Jelitkowo
Jelitkowo (Glettkau) is the Gdansk (Danzig) district which borders on Sopot (Zoppot). Like its neighbours, Jelitkowo spent many years as a small coastal village with its few inhabitants scraping a living from fishing and gardening on their small holdings. It began to gain popularity with holidaymakers around 1875 and within a couple of years an inn had been opened to serve them. Early visitors would rent rooms from fishermen.Reinhold Kamerke seems to have been the man that started to put Jelitkowo on the map. As the owner of the first inn and mill, he opened a bathing area in 1893 for those wanting to come and relax by the sea. Before long he had opened a shop, 3 more inns on Kapliczna Street and a mill by the bridge that flows over the Oliwski stream, next to today’s Jelitkowski Park.
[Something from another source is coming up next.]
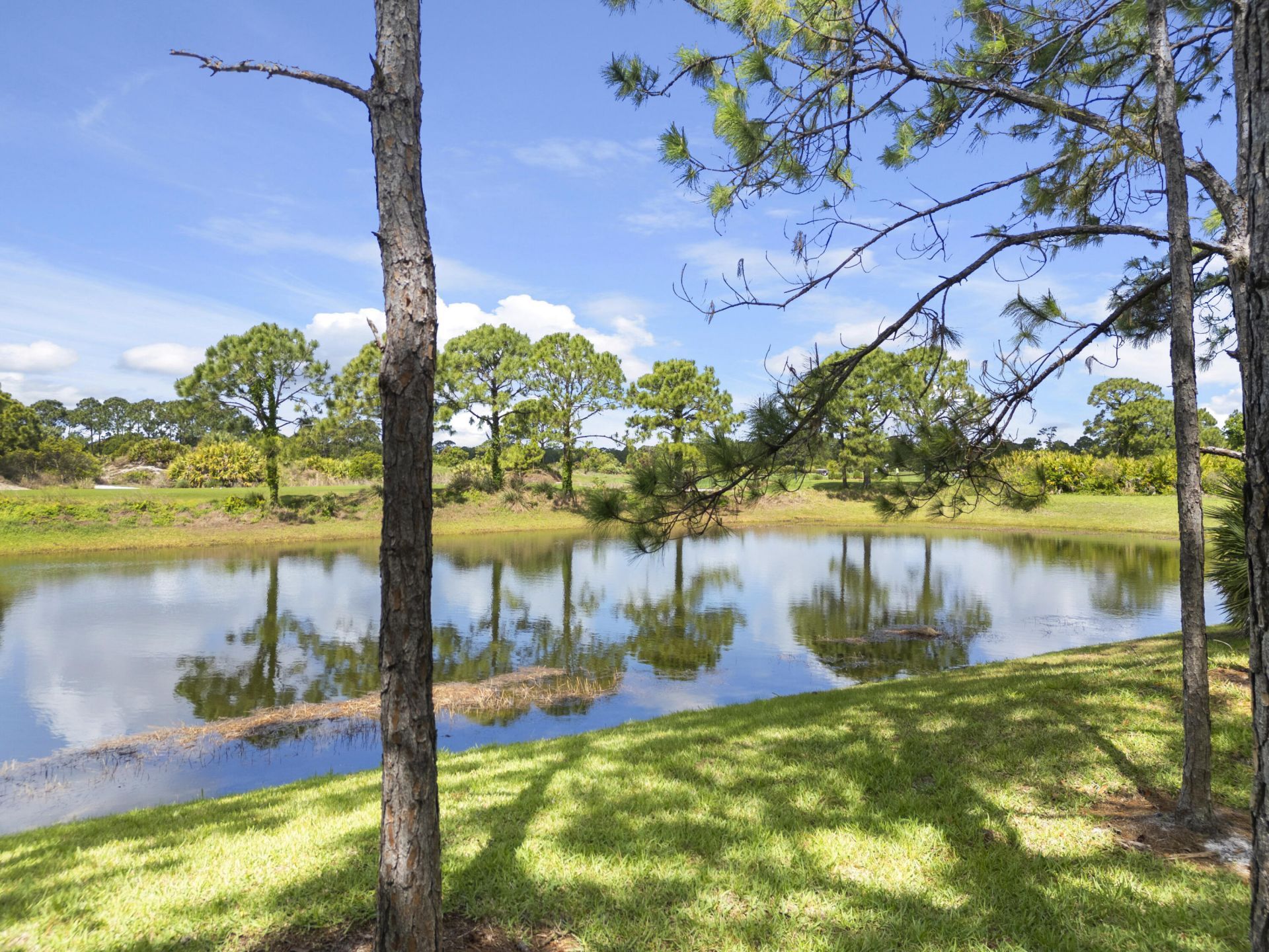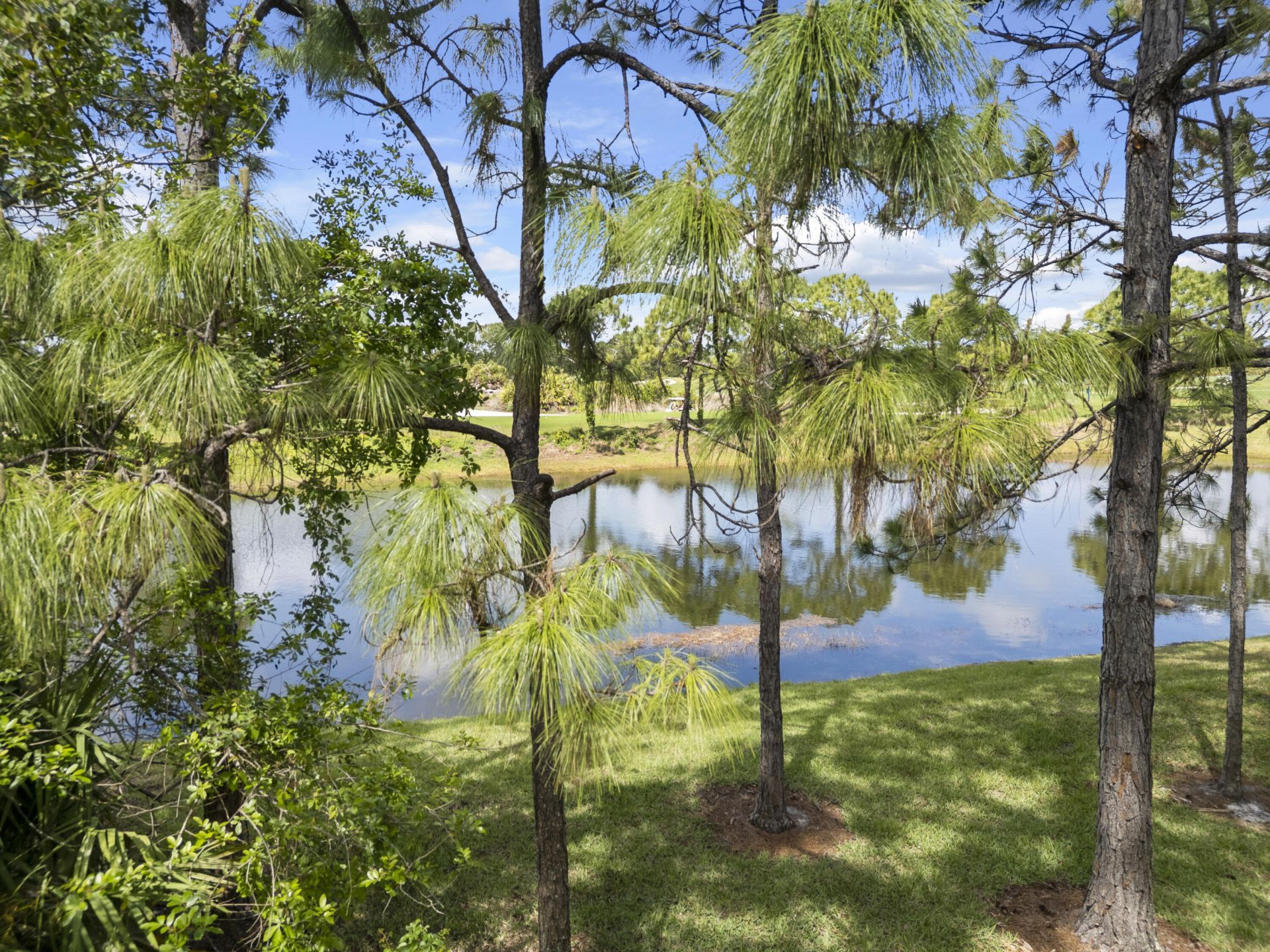 WHAT A VIEW! This meticulously maintained 2BR/2.5BA condo offered fully furnished/turnkey in Castle Pines boasts serene lake and golf views with a treehouse feel! Perfect as a seasonal residence, full time home or for an investor wanting to have rental income! Some of the many special features include county only taxes, granite counters throughout, upgraded stainless steel appliances in the kitchen, tray ceilings and tile through the main living areas. Kitchen with breakfast bar for extra seating is open to the living area. The main bedroom is spacious, includes an ensuite and walk-in closet. Convenient half bath off of the hall is great for entertaining. The lock-off door between the main side of the condo and the studio side includes kitchenette, full bathroom plus private entrance door -providing the opportunity to use one side of the condo, while renting the other, rent both sides or use the whole condo for yourself. There is a private washer/dryer too! Screened and covered patio is the perfect place to sit and enjoy the view. Condo association will soon be replacing all roofs with standing-seam metal roofs and repainting the buildings, for a fresh Florida feel! HOA dues include cable, internet, water, sewer, building insurance, roof, lawn care, landscaping, resort style pool and access to the Island Club. PGA Village is an amenity rich community with COUNTY ONLY TAXES surrounded by multiple golf courses where membership is optional. Enjoy NY Mets spring training game, golf courses, beaches, shopping, dining and neighboring coastal towns. Call today to view!

Records show that Jelitkowo was famous for its pure, crystalline iodine water and air, making it a perfect location for a resort as it was so close to an urban centre. Once it was merged with Oliwa in 1907, Jelitkowo began to attract investment turning the village into a significant bathing area. The basic existing facilities were demolished and a new spa house was built on their site. Also in 1907, a small pier was built. Cruise ships started calling here from Gdansk and Sopot and in August 1909 a new bathhouse was opened.
Violent storms in the January of 1914 caused severe damage to the bathhouses along the coast from Stogi to Sopot. After WWI there was considerable expansion centred around the area in the middle of what is now the park. Existing properties were expanded and the Southern Bathhouse now consisted of four wings housing cabins. A pier was built out from it and by the end of the 1920s Jelitkowo had a well organised bathing area which had become increasingly popular with people who wished to avoid the hustle and bustle of neighbouring resorts such as Sopot and Brzezno.
Gunter Grass, who would go on to win the Nobel Prize for Literature and who grew up in the Gdansk district of Wrzeszcz (Langfuhr), wrote about his memories of Jelitkowo beach in his book Dog Years
‘My father would take us all to Oliva. There we got the tram to Glettkau. The Baltic sea was frozen up to the hazy horizon. Glettkau pier ice sparkled strangely.(...) From Glettkau you walked on a crunching sea to Brösen. Black dots until the frozen steamers in Reda. A lot of people chose this route’.
Jelitkowo was not seriously affected by WWII although the pier and bathhouse were destroyed. Other buildings, such as the inns and mill were pulled down after the war because of deterioration from neglect. The rubble was used in the adjacent park (now Jelitkowo Park).
Like other spots along the coast the village found itself disappearing through urban spread and the building by communist authorities of the nearby dormitory districts of Przymorze and Zabianka. But like its neighbours it is in the throws of a revival and the beach clubs which appear in the summer are busy throughout the season. Out of season it is still possible to discover the Jelitkowo of which Grass wrote, that of a peaceful retreat away from the hustle and bustle.